The trial judge excluded several reports that were created
after Mr. Cameron's accident and it is this exclusion that
the Camerons claim to be error. There is some doubt whether
the Camerons adequately raised and preserved this claim--Otto
Bock says they did not. However, the district court did not
rest its exclusion on this ground and, as we uphold the
exclusion on the merits, we need not decide whether the
Camerons waived the issue.
The district court held that the exclusion of the
reports was proper because they were irrelevant, because they
did not fall within any exception to the hearsay rule, and
because they were more prejudicial than probative.
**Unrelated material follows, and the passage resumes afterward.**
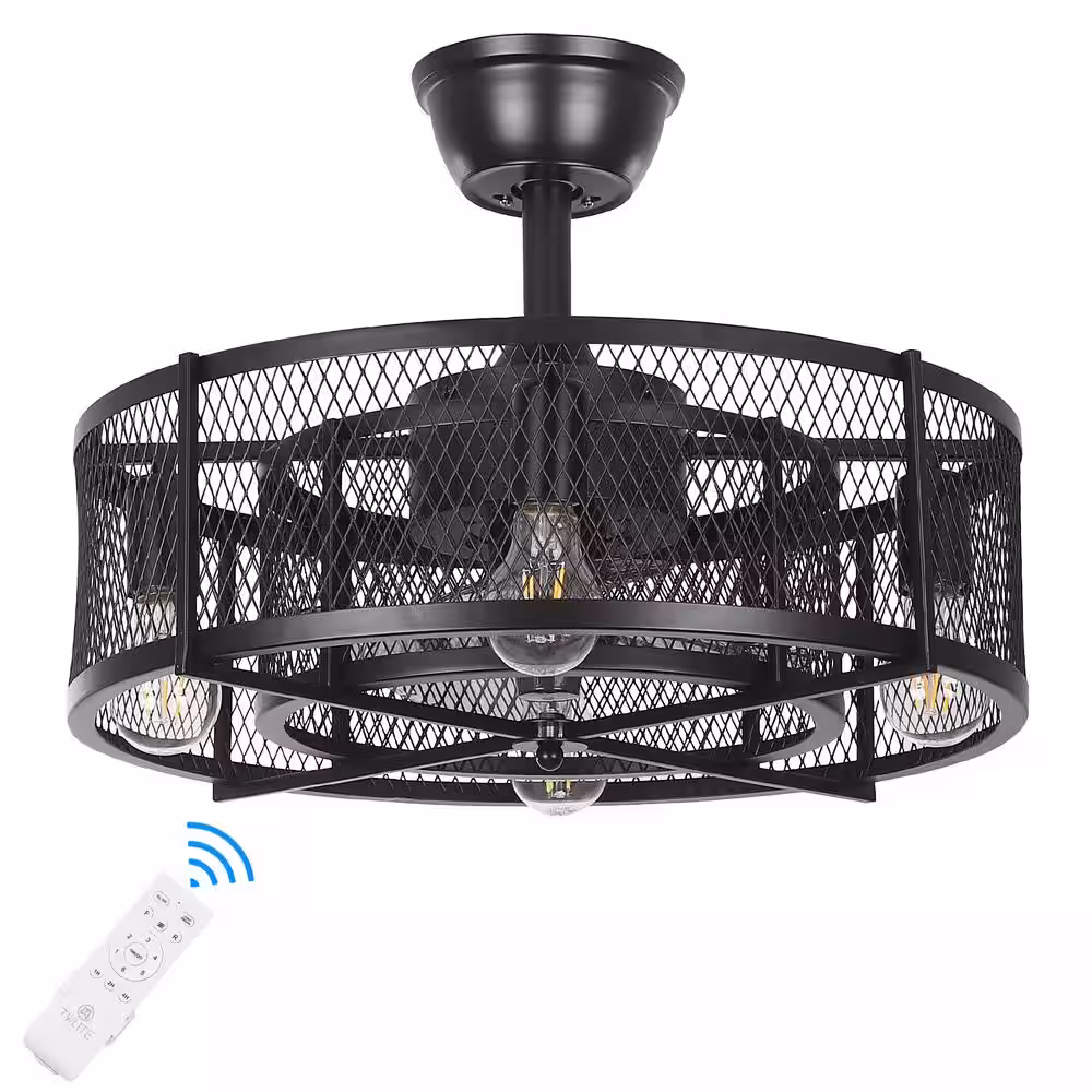 None 19 in. 4-Lights Indoor Black Wood Grain Industrial Metal Cage Enclosed Ceiling Fan and Light Kit, Remote
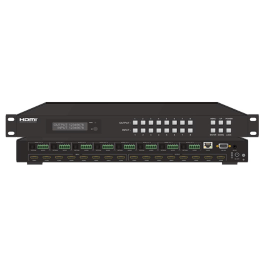 信号规模: 8通道输入 (HDMI/AUDIO/IR),8通道输出(HDMI/AUDIO/IR),同步切换

We
commonly say that we review all three determinations solely
for an abuse of discretion.1 This may be a mild
overstatement since evidentiary rulings can sometimes contain
buried rulings of law reviewable de novo, or basic findings
of fact subject to clear error review. In this case, fine
distinctions about the standard of review would not affect
the outcome.
Unlike the pre-accident reports, which were admitted to
show notice on the part of Otto Bock, the post-accident
1United States v. Brandon, 17 F.3d 409, 444 (1st Cir.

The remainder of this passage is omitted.